Interact with the models using KubeAI's OpenAI-compatible API#

  1. On your instance, install curl and jq by running:

    sudo apt update && sudo apt -y install curl jq
    
  2. Enable access to KubeAI's OpenAI-compatible API by running:

    kubectl -n kubeai port-forward service/kubeai 8081:80 &> /dev/null &
    
  3. List the models KubeAI is serving using the API's /models endpoint by running:

    curl -sS http://localhost:8081/openai/v1/models | jq .
    

    You should see output similar to:

    {
      "object": "list",
      "data": [
        {
          "id": "llama-3.1-nemotron-70b-instruct",
          "created": 1729174478,
          "object": "model",
          "owned_by": "nvidia",
          "features": [
            "TextGeneration"
          ]
        },
        {
          "id": "hermes-3-llama-3.1-8b",
          "created": 1729174478,
          "object": "model",
          "owned_by": "NousResearch",
          "features": [
            "TextGeneration"
          ]
        }
      ]
    }
    
  4. Submit an example prompt to the API by running:

    curl -sS -d @- http://localhost:8081/openai/v1/completions -H "Content-Type: application/json" <<EOF | jq .
    {
      "model": "llama-3.1-nemotron-70b-instruct",
      "prompt": "Machine learning engineers are ",
      "temperature": 0
    }
    EOF
    

    In the above example, the Nemotron model is responding to the prompt Machine learning engineers are.

    You should see output similar to:

    {
      "id": "cmpl-04a8ee4abf7247b5859755e7684ade21",
      "object": "text_completion",
      "created": 1729179938,
      "model": "llama-3.1-nemotron-70b-instruct",
      "choices": [
        {
          "index": 0,
          "text": "2023’s most in-demand tech professionals\nAccording to a new report from Indeed",
          "logprobs": null,
          "finish_reason": "length",
          "stop_reason": null,
          "prompt_logprobs": null
        }
      ],
      "usage": {
        "prompt_tokens": 6,
        "total_tokens": 22,
        "completion_tokens": 16
      }
    }
    

Use NVTOP to observe GPU utilization#

  1. On your instance, run:

    nvtop -d 2
    

    You should see output similar to:

    Screenshot of example output from nvtop showing 8 GPUs

    The above example output shows the models are loaded on:

    • GPU1
    • GPU4
    • GPU5
    • GPU6
    • GPU7

    Note the memory usage.

    The output further shows the following GPUs are unallocated and can be used for other work:

    • GPU0
    • GPU2
    • GPU3

    Again, note the memory usage or, in this case, the lack of memory usage.
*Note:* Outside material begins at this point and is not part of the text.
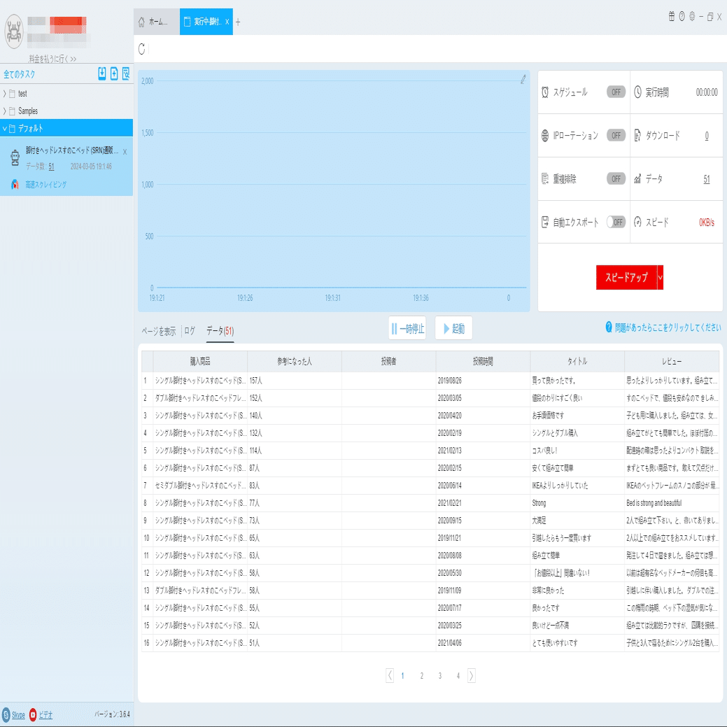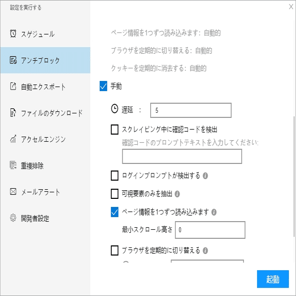 必要に応じて、スケジュール、アンチブロック、自動エクスポート、写真のダウンロード、スピードブーストを設定できます。サーバーに負荷しないように、遅延時間を設定してください。5秒以上を推薦します。スクレイピングタスクを配置する方法については、下記のチュートリアルをご参照ください。

  2. In your browser, go again to http://localhost:8080. Select the llama-3.1-nemotron-70b-instruct model.

  3. Enter an example prompt, such as:

    In 10,000 words or more, explain what large language models are.
    

    In nvtop, you should see output that momentarily looks like:

    Screenshot of example output from nvtop showing 4 of 8 GPUs utilized

    The output shows that GPU4 through GPU7 are utilized for running inference on the Nematron model.

  4. In your browser, select the hermes-3-llama-3.1-8b model and enter the same prompt. You should see output that momentarily looks like:

    Screenshot of example output from nvtop showing 1 of 8 GPUs utilized

    The output shows that GPU1 is utilized for running inference on the Hermes 3 model.